• What is required:
Keep every word of the listing and reproduce it exactly, but set aside any image found there.

• Information shown:

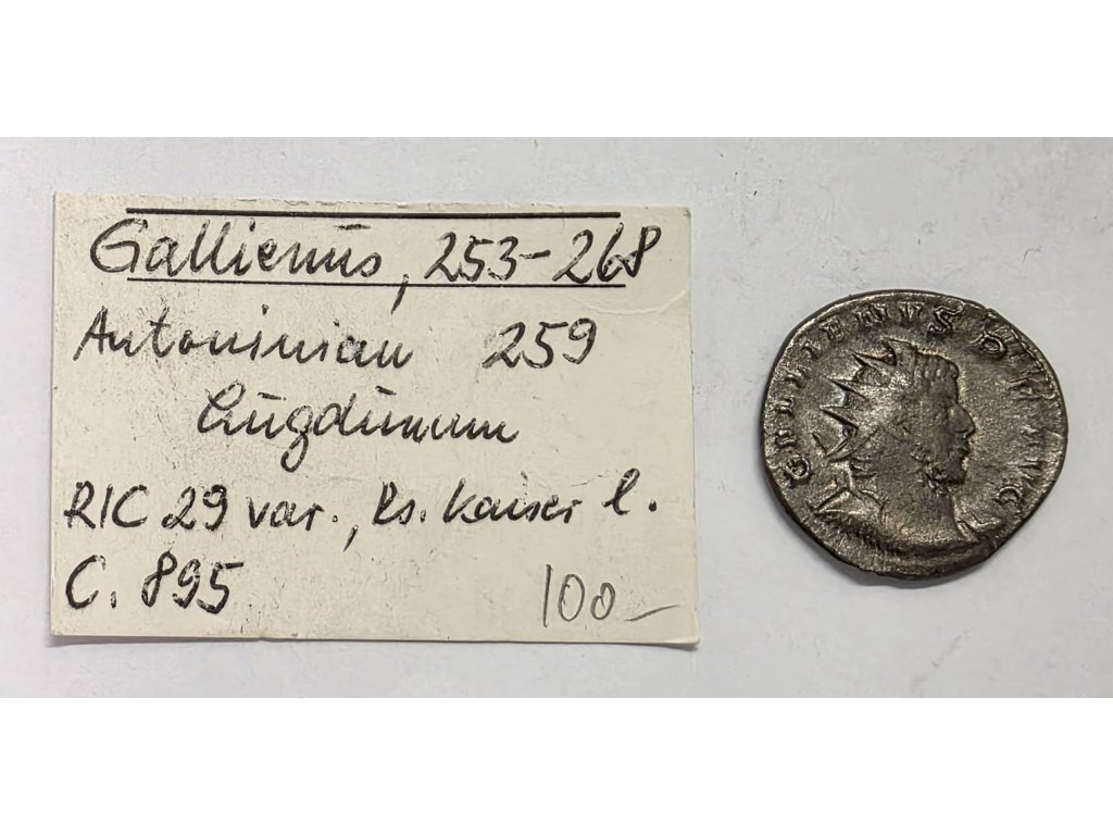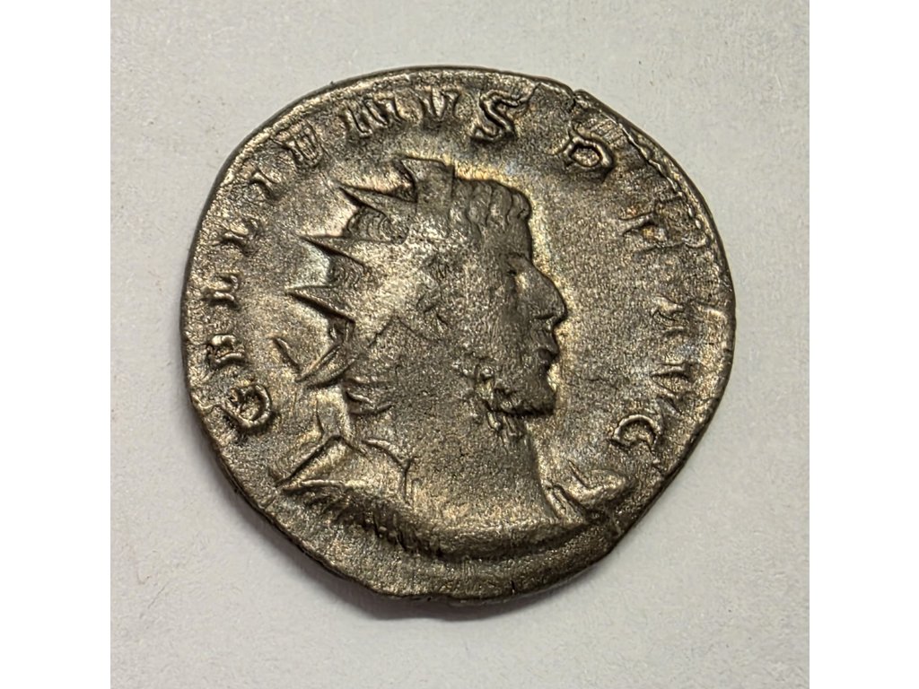 Gallienus 253-268 n.l., Antoninián, RESTIT GALLIAR, Gallienus stojaci vľavo, pomáha kľačiacej osobe, "R" vzácny, krásna patina, gVF
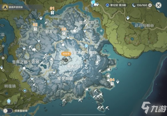 可以根据地图标点来收集所需材料,其中“感叹号”标记的为【奇异的「牙齿」】所在点位,“矿镐”标记的为【星银矿石】所在点位(图中点位收集完大约是61份【星银矿石】)此处有条件的建议队伍中配备「凝光」角色,可以很好地探测出附近【星银矿石】的位置。
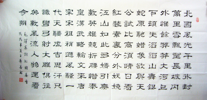 • 产品简介: 毛泽东诗词沁园春雪书法,王寿善老师作品。
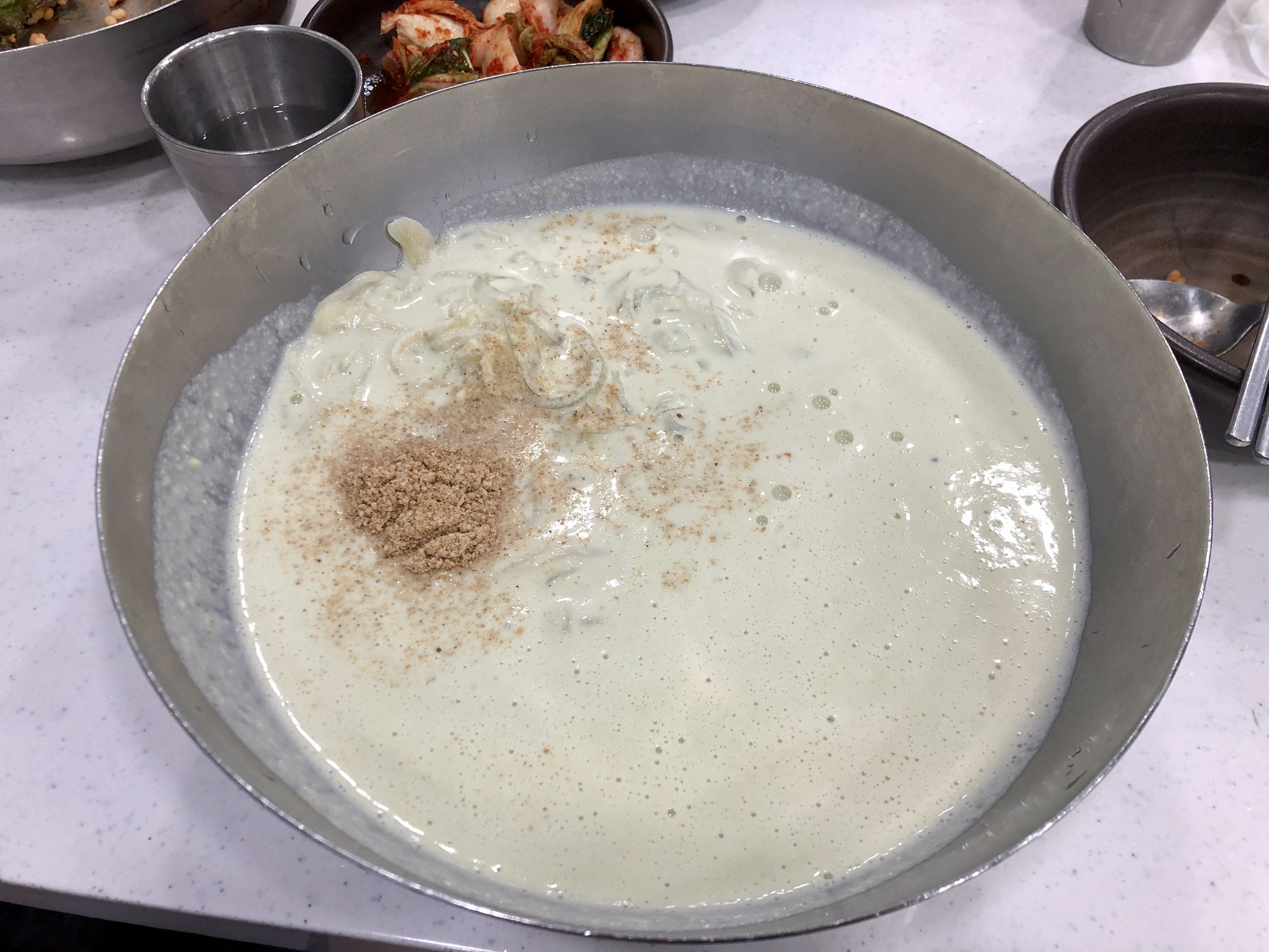 딱 봐도 콩국물이 맛있을 것 같이 생겼습니다. 콩국물을 아낌 없이 담아 주셔서 처음엔 면이 잘 보이지 않아요.

• Solution to the exercise:
 Gallienus 253-268 n.l., Antoninián, RESTIT GALLIAR, Gallienus stojaci vľavo, pomáha kľačiacej osobe, "R" vzácny, krásna patina, gVF
 可以根据地图标点来收集所需材料,其中“感叹号”标记的为【奇异的「牙齿」】所在点位,“矿镐”标记的为【星银矿石】所在点位(图中点位收集完大约是61份【星银矿石】)此处有条件的建议队伍中配备「凝光」角色,可以很好地探测出附近【星银矿石】的位置。
 • 产品简介: 毛泽东诗词沁园春雪书法,王寿善老师作品。
 딱 봐도 콩국물이 맛있을 것 같이 생겼습니다. 콩국물을 아낌 없이 담아 주셔서 처음엔 면이 잘 보이지 않아요.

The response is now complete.